Ilya Sutskever: An Observation on Generalization
Supervised vs. Unsupervised Learning
监督学习 vs. 无监督学习
Why Supervised Learning Works
监督学习为什么有效
The starting point is a question we rarely ask anymore: why should learning work at all? Why should data have regularity that machine learning models can capture?
Supervised learning has a clean answer. Statistical learning theory (PAC learning, VC theory) gives a precise condition under which learning must succeed: if you achieve low training error and your degrees of freedom are smaller than your training set, you are guaranteed low test error.
The proof is elementary — the slide above shows all the math. If you have a finite function class \(\mathcal{F}\), the probability that training error deviates far from test error for any function is bounded by a union bound over \(\lvert \mathcal{F} \rvert\) followed by a Hoeffding-type concentration inequality. Three lines. The key assumption: the training distribution and test distribution must be the same.
Ilya makes a side comment on VC dimension: it was invented solely to handle parameters with infinite precision. In practice, all our floats are finite precision (and shrinking — FP16, INT8, …), so you can reduce back to the finite function class bound, which gives you essentially the same generalization guarantees with a simpler proof.
The Mystery of Unsupervised Learning
无监督学习的谜团
Supervised learning is conceptually settled. But what about unsupervised learning?
The old dream of unsupervised learning — look at images or text without labels and somehow discover the true hidden structure — has been fulfilled empirically. GPT, BERT, diffusion models, all testify to this. But why should it work? There is no analogue of the supervised learning guarantee. You optimize one objective (reconstruction, denoising, next-token prediction) but care about a different objective (downstream task performance). You have no mathematical reason to expect the first to help with the second.
Consider the pathological case: if your data is drawn from the uniform distribution, no unsupervised learning algorithm can extract useful structure. So unsupervised learning clearly requires assumptions about the data. The question is: what assumptions, and can we formalize them?
Distribution Matching
分布匹配
Before presenting the main argument, Ilya describes one form of unsupervised learning that provably works: distribution matching.

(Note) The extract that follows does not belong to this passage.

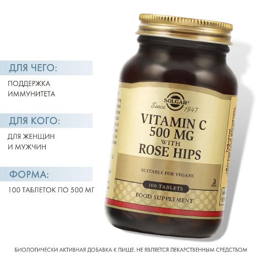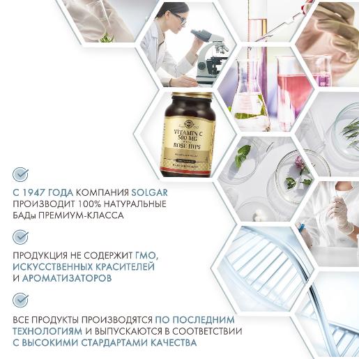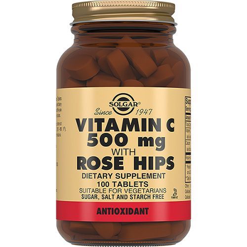 Таблетки Витамин С и шиповник разработаны американской компанией Solgar. Является биологически активной добавкой. Назначение -Витамин С укрепляет иммунную систему, уменьшает риск возникновения инфекций или значительно сокращает длительность болезни, увеличивает активность лейкоцитов, имеет мощные антиоксидантные свойства, обеспечивающие защиту от отрицательного влияния свободных радикалов. Соединение витамина С с биофлавоноидами оказывается полезным даже при аллергиях, потому что это обеспечивает детоксикацию гистамина, вызывающего аллергию. Кроме того, витамин С и биофлавоноиды усиливают действия друг друга.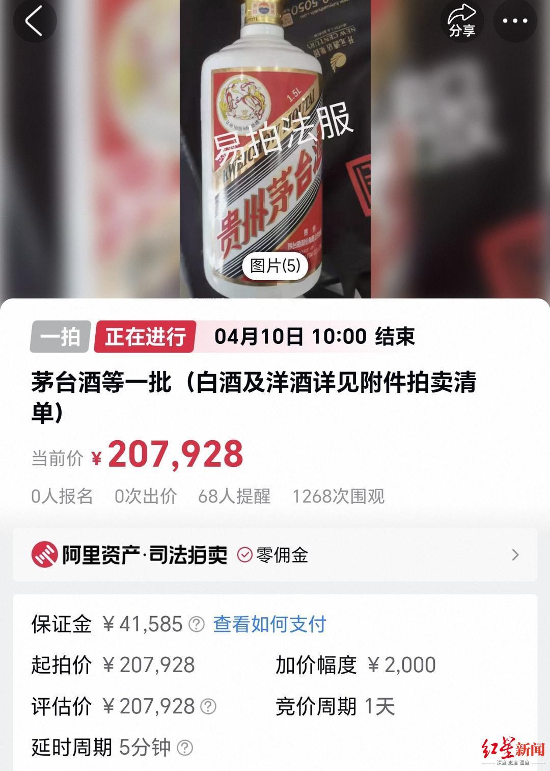 4月9日互联网股票配资网,海南省第一中级人民法院在阿里司法拍卖平台上对一批茅台酒和洋酒等进行整体拍卖,起拍价207928元,这也是该批酒的评估价。红星新闻注意到,开拍5个小时后,仍无人报名出价,此次拍卖将于4月10日上午10时结束(延时除外)。

Given two data sources \(X\) and \(Y\) with no correspondence between them (e.g., English sentences and French sentences), find a function \(f\) such that the distribution of \(f(X)\) matches the distribution of \(Y\):
\[f^\ast = \arg\min_f \, D\big(P_{f(X)},\; P_Y\big)\]If \(X\) and \(Y\) are high-dimensional, this constraint is highly informative — it almost fully determines \(f\). This is guaranteed to work in the same sense as supervised learning: the constraint is sufficient to recover the mapping.
This framework covers unsupervised machine translation, substitution ciphers, and any setting where two distributions are related by a structured transformation. Ilya independently discovered this idea in 2015 and was excited that something mathematically meaningful could be said about unsupervised learning. But real unsupervised learning settings are rarely this clean.
Compression as the Foundation of Unsupervised Learning
压缩:无监督学习的理论基础
The Thought Experiment
思想实验
It is well known that compression and prediction are equivalent: every compressor can be converted to a predictor and vice versa (Shannon’s source coding theorem). But Ilya argues that for reasoning about unsupervised learning, the language of compression offers conceptual advantages.
Say you have two datasets \(X\) and \(Y\) — two files on disk. You have a really good compressor \(C\). Consider what happens when you compress \(X\) and \(Y\) jointly (concatenate them, then compress) versus separately:
\[C(X \circ Y) \leq C(X) + C(Y)\]A sufficiently good compressor will use patterns in \(X\) to help compress \(Y\), and vice versa. The gap
\[\Delta = \big[C(X) + C(Y)\big] - C(X \circ Y)\]is the shared structure — the algorithmic mutual information between the two datasets. The better the compressor, the more shared structure it extracts.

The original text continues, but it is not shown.